EXERCISE DESCRIPTION: What you give must be the lines from the one containing "lanza un desafío" through the last line of the listing below, exactly, with nothing else and no pictures.

[RECORDS FOR THIS TASK]

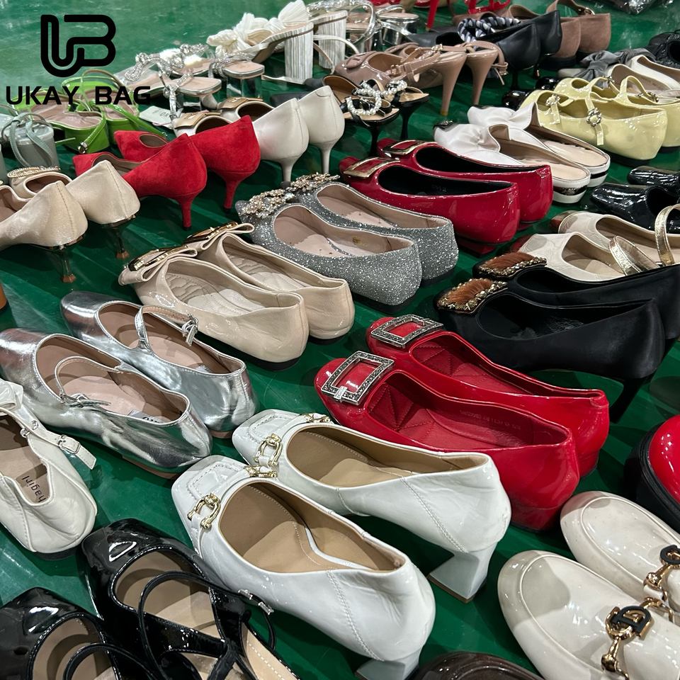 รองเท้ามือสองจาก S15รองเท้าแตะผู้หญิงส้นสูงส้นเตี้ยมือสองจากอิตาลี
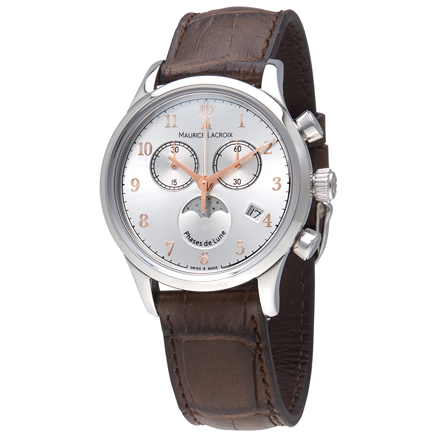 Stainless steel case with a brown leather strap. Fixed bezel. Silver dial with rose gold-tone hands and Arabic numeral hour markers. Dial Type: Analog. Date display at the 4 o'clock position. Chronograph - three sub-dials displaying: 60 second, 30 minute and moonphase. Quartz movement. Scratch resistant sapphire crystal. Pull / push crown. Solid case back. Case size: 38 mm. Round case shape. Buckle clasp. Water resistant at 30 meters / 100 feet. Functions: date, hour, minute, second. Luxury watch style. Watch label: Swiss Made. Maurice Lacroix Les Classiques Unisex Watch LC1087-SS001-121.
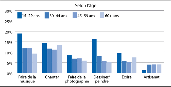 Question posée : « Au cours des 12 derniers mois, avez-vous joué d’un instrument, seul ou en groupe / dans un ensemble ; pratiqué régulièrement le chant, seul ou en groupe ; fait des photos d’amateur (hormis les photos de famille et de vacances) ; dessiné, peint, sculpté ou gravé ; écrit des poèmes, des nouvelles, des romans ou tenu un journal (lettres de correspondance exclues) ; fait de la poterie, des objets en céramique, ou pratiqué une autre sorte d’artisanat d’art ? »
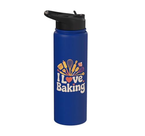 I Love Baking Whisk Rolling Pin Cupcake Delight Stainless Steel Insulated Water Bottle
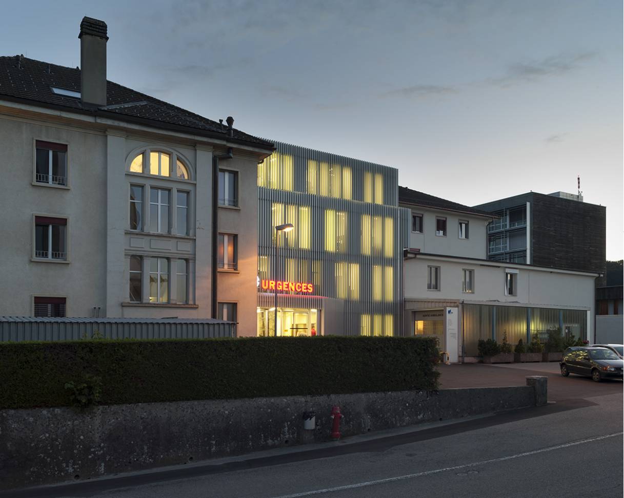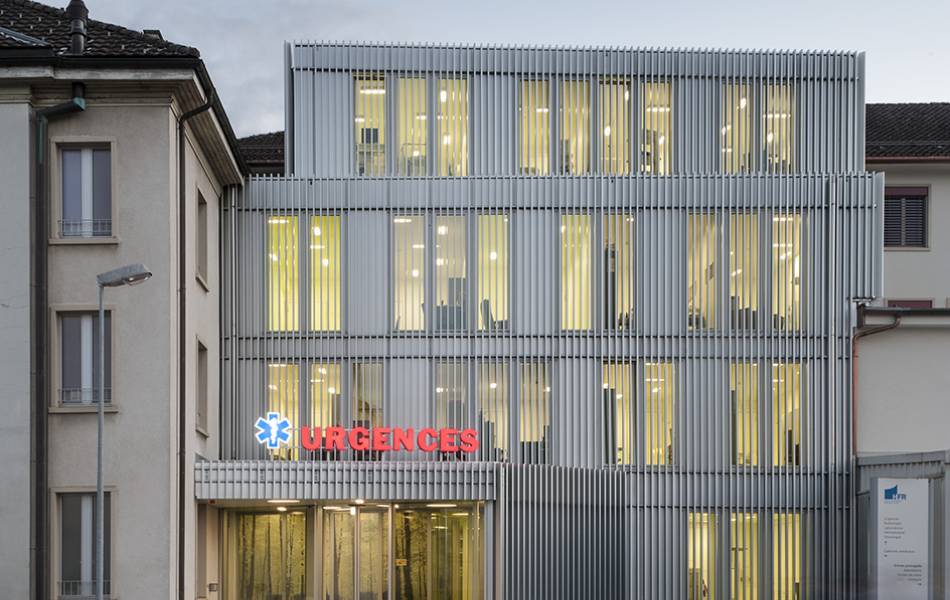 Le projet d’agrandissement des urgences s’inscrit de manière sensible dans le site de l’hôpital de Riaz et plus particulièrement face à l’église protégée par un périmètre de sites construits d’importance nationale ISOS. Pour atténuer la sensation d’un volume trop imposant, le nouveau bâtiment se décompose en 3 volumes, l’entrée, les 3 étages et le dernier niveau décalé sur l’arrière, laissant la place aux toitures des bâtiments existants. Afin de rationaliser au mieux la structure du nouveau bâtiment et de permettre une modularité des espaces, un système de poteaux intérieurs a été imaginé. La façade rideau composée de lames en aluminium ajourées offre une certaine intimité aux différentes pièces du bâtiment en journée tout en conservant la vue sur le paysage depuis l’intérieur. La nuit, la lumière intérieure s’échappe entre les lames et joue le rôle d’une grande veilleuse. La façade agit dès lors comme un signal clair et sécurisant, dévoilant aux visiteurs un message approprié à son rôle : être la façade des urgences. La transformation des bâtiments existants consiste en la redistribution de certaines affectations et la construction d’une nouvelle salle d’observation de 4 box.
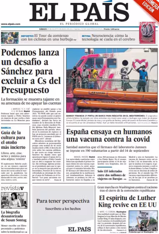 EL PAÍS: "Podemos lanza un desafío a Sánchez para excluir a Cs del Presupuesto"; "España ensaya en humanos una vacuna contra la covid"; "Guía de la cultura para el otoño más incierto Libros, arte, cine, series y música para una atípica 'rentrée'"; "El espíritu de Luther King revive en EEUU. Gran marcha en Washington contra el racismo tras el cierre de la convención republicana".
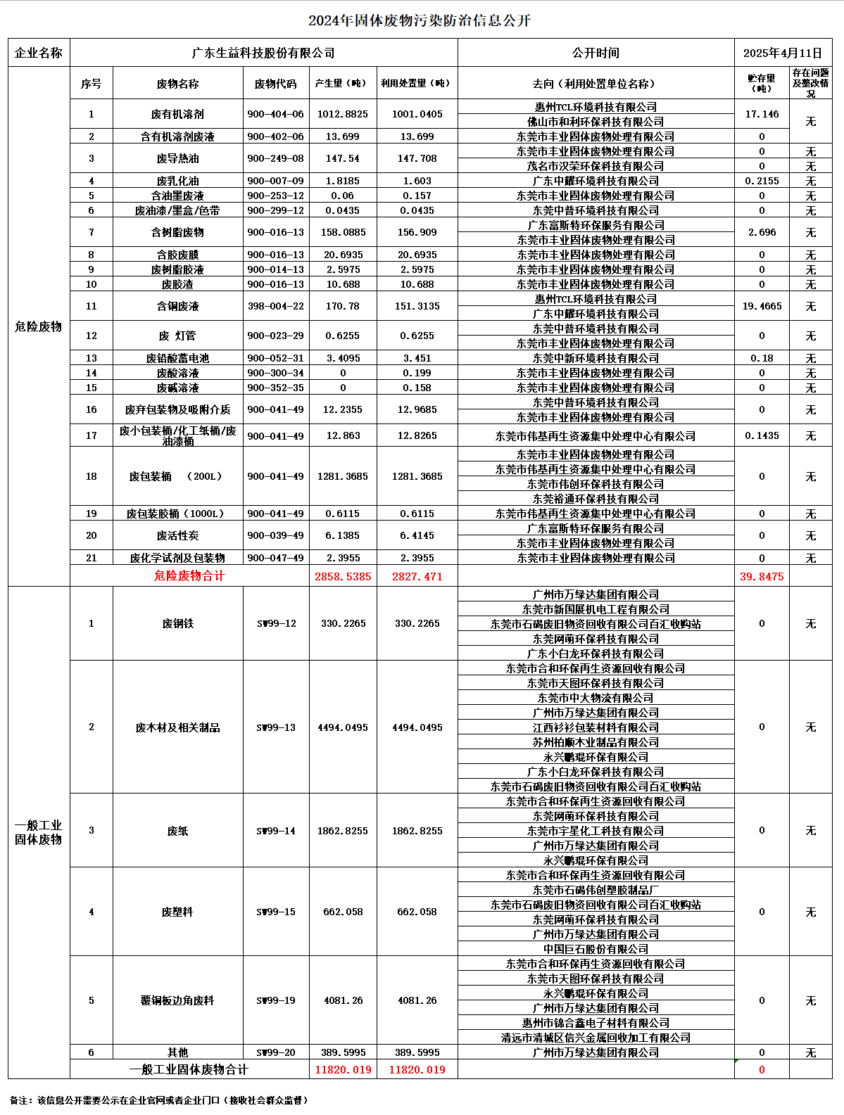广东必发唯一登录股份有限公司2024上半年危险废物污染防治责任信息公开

[/RECORDS FOR THIS TASK]

SOLUTION TO THIS EXERCISE:
 EL PAÍS: "Podemos lanza un desafío a Sánchez para excluir a Cs del Presupuesto"; "España ensaya en humanos una vacuna contra la covid"; "Guía de la cultura para el otoño más incierto Libros, arte, cine, series y música para una atípica 'rentrée'"; "El espíritu de Luther King revive en EEUU. Gran marcha en Washington contra el racismo tras el cierre de la convención republicana".
广东必发唯一登录股份有限公司2024上半年危险废物污染防治责任信息公开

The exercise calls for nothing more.